As if I needed another reason to feel annoyed at the Organized Religious. A few weeks back, my peaceful shopping trip to Bravo for the nasty bits of meat (for my raw-food eating dog) not sold in less adventurous grocery stores was disrupted by a church that has taken up residence in a neighboring storefront. Not only was the parking lot insanely full, but on my way into the store I was accosted by some well-meaning religious nutjobs intent on their duty to spread the Good News of Our Lord and Savior Jesus Christ.

Normally, I really don’t mind this kind of thing.
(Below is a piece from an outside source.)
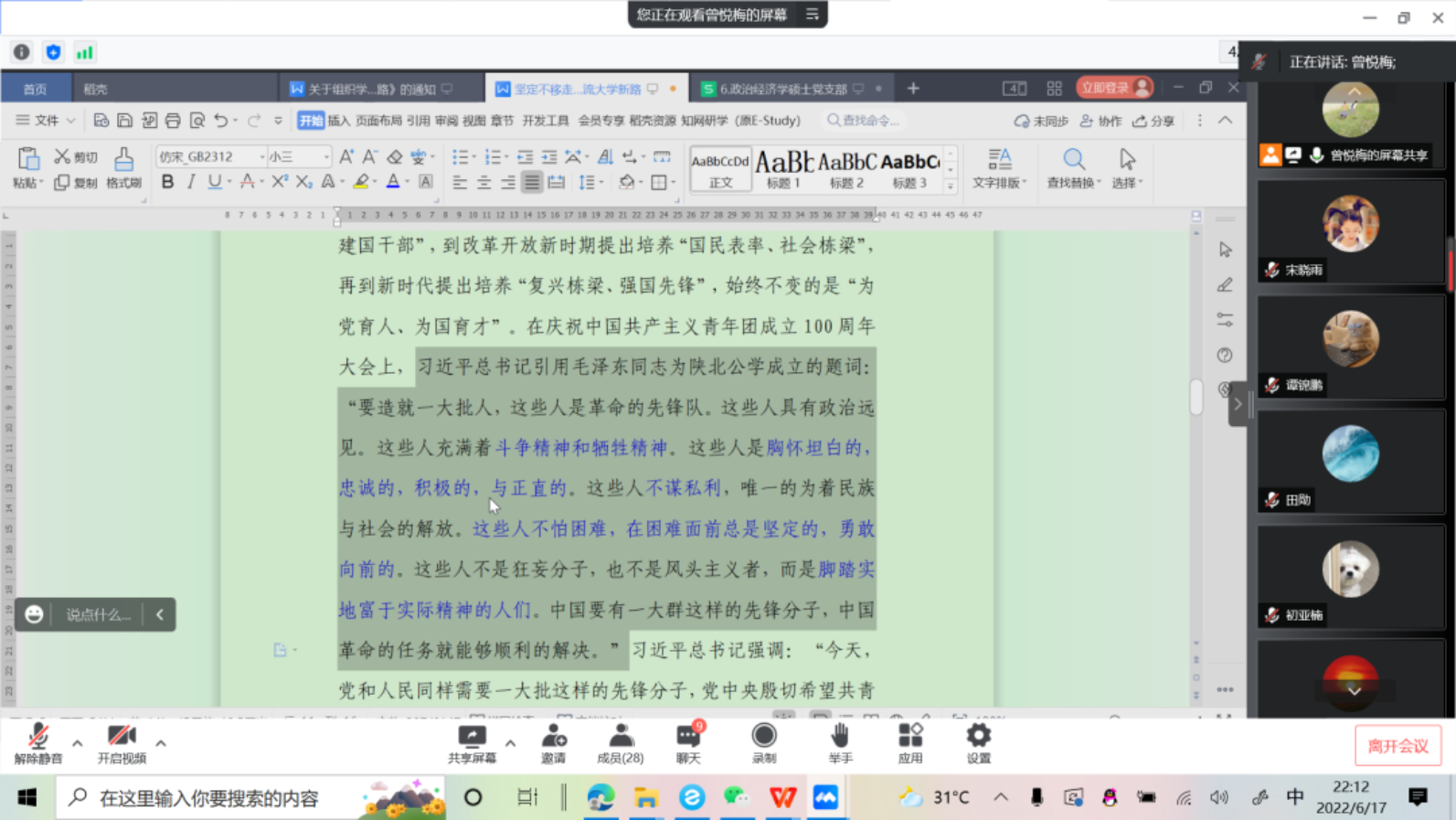 政治经济学硕士党支部通过线上会议开展第二场主题党日活动。本次活动由党支部书记曾悦梅主持,全体支部成员参会。

I think it’s grass roots evangelism, and way more down to earth than trying to force faith on people through stuff like controlling who gets to be married or what passages have to be deleted from textbooks. And if they’re pushy or rude, you can just tell them you’re a lesbian or a Satanist or both and they usually go away. I hung out with a few Mormon missionaries for a while and let them give me the whole pitch. I think I was mostly interested because of what I’d seen on Big Love, to be honest, but the point is that I really normally don’t mind being approached by any sort of religious nutjob. (I mean that in the nicest way.) I think that as a non-religious (tattooed, young) person, I have a duty just like the religious people do, in representing people like me in a positive light.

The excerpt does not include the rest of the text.